Dengan program-program terkait infrastuktur dan ekonominya, Jokowi sudah berusaha untuk mengembangkan keterhubungan ekonomi diantara wilayah-wilayah serta menyebarkan pembangunan secara merata.
“PSI bisa menguatkan tujuan tersebut dengan mendukung demokratisasi ekonomi yang lebih adil, terutama untuk pemuda serta komunitas perifer. Kerjasamanya memiliki potensi merancang pola pengembangan ekonomi yang tak sekadar bergantung pada pertumbuhan, melainkan juga menekankan aspek kesetaraan, manfaatan, dan kelestarian,” jelasnya.
Alasan ketigabelas menurut penjelasannya adalah bahwa Jokowi menerapkan pendekatan politik berdasarkan komunitas. Di sinilah solidaritas berkembang pesat di lingkungan komunitas yang kokoh. Pengalaman Jokowi selama menjadi walikota dan gubernur membuatnya menyadari betapa pentingnya menguatkan komunitas setempat.

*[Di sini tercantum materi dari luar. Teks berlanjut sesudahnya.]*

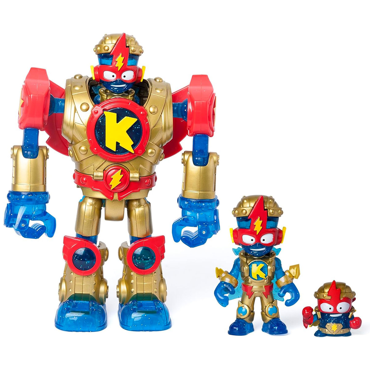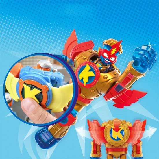 Copiii pot aseza figurina Kazoom Kid sau SuperThing in partea superioara a robotului si pot controla actiunile acestuia in lupta impotriva raufacatorilor. Setul include robotul Golden Armor, o figurina Kazoom Kid, un SuperThing si un accesoriu de lupta. Ideal pentru copii de la 3 ani in sus.

“PSI bersama jaringan paraaktivis muda mereka memiliki kemampuan untuk menyatukan komunitas berdasarkan isu tertentu. Kerjasama ini bisa membentuk pola politik yang tak sekadar bergantung pada struktur partai resmi, namun juga melibatkan jejaring komunitas yang aktif dan peka terhadap perubahan sosial,” ungkap Darmizal.
Alasan kesembilan ialah Jokowi bakal dapat mengubah konsep kepemimpinan di masa perubahan disruptif.
Zaman digital serta perubahan teknologi membawa tantangan seiring dengan peluang untuk demokrasi.
Jokowi sudah membuktikan fleksibilitasnya dalam menghadapi perkembangan, walaupun menggunakan metode yang sesekali bersifat tradisional.
“PSI, sebagai partai yang familiar dengan teknologi dan isu-isu modern, bisa berperan dalam meredefinisi konsep kepemimpinan yang peka terhadap perubahan disruptif. Gaya kepemimpinan yang menyatukan hikmah lama dengan kelenturan digital ini sangat penting guna menyelesaikan masalah-masalah di masa depan sambil mempertahankan prinsip persaudaraan,” jelas Darmizal.